Step 1, data acquisition and preprocessing, namely processing original text data acquired from a network by using a program to obtain an original characteristic matrix
The disclosed social robot data is very little, the invention selects a disclosed CLEF2019 data set with labels, wherein 2880 training sets, 1240 verification sets and 100 tweets per account are adopted, all accounts are marked as robots and normal users (including gender marks), so that the total normal users are 2060, and the machine users are 2060. The social robot data used by the invention is represented asN4020 denotes the number of samples, and i denotes a sample.
After an original data set is obtained, text cleaning is carried out by adopting a powerful natural language processing library NLTK in Python, an open-source third-party Python toolkit-Gensim is used for calculating text similarity between texts sent by each user, and the toolkit is used for unsupervised learning of topic vector expression of a text hidden layer from an original unstructured text. The method supports various topic model algorithms including TF-IDF, LSA, LDA and word2vec, supports streaming training and provides API (application programming interface) interfaces of some common tasks such as similarity calculation, information retrieval and the like. After program processing, the invention extracts 16-dimensional features in total, as follows:
mention of @ proportion of others
Number of average used expressions in tweets;
the number of stop words contained in the tweet on average;
eight dimensions total of the average number of 8 symbols: "#", "," -, ","; ","! "," (",") "; the number of URLs contained in the sent message on average;
the average length of the original tweet;
forwarding the average length of the tweet;
the tweet forwarding amount proportion;
tweet average similarity.
After the 16-dimensional features are obtained, normalization is carried out on each-dimensional feature of the sample, and the normalization formula is as follows:
in the above formula, l represents the characteristic dimension of the sample i in the characteristic matrix, the value range of l is 0 to 15, lmax is the maximum value in the dimension of the sample l, lmin is the minimum value in the dimension of the sample l, and the characteristic data set after normalization is represented as
Step 2, generating characteristics through a depth generation model
A Variational autoencoder, which is a form of a depth generative model, is a generative network structure inferred based on Variational Bayes (VB). The structure is shown in fig. 3, and the variational self-coding establishes two probability density distribution models by using two neural networks: a variation probability distribution for generating hidden variable used for variation inference of original input data, called inference network; and the other one is used for restoring and generating approximate probability distribution of the original data according to the generated hidden variable variation probability distribution, and is called as a generation network.

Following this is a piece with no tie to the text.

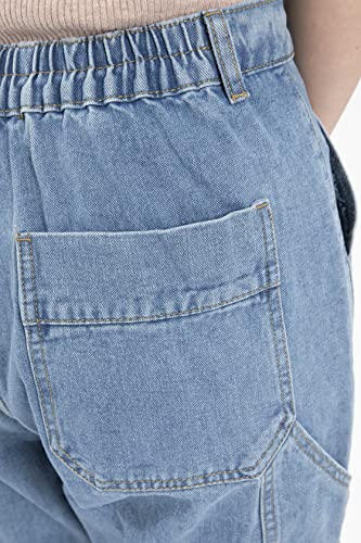 HOT ! Women's Elastic Waist Straight Leg Relaxed Fit Cargo Jeans Utility Casual Denim Cargo Outdoor Pants

From the original sample set obtained in step 1 asEach data sample xiAre randomly generated independent, continuous or discrete distribution variables, and the observable variable X is in a high-dimensional spaceRandom vector as input visible layer variable, then hidden layer variable Z is generated, non-observable variable Z is a random vector of relatively low dimension space, and data set is generatedX*The method represents a sample set obtained by encoding and decoding an original sample set through variational self-coding, wherein a variational self-coding generation model can be divided into two processes:
(1) approximate inference process of hidden variable Z posterior distribution: identifying a model qφ(z | x), i.e. the inference network, qφ(z | x) represents one process in which x is known to infer z.
(2) Generating variable X*The condition distribution generation process of (1): conditional distribution pθ(z)pθ(x*I z), i.e. a network is generated.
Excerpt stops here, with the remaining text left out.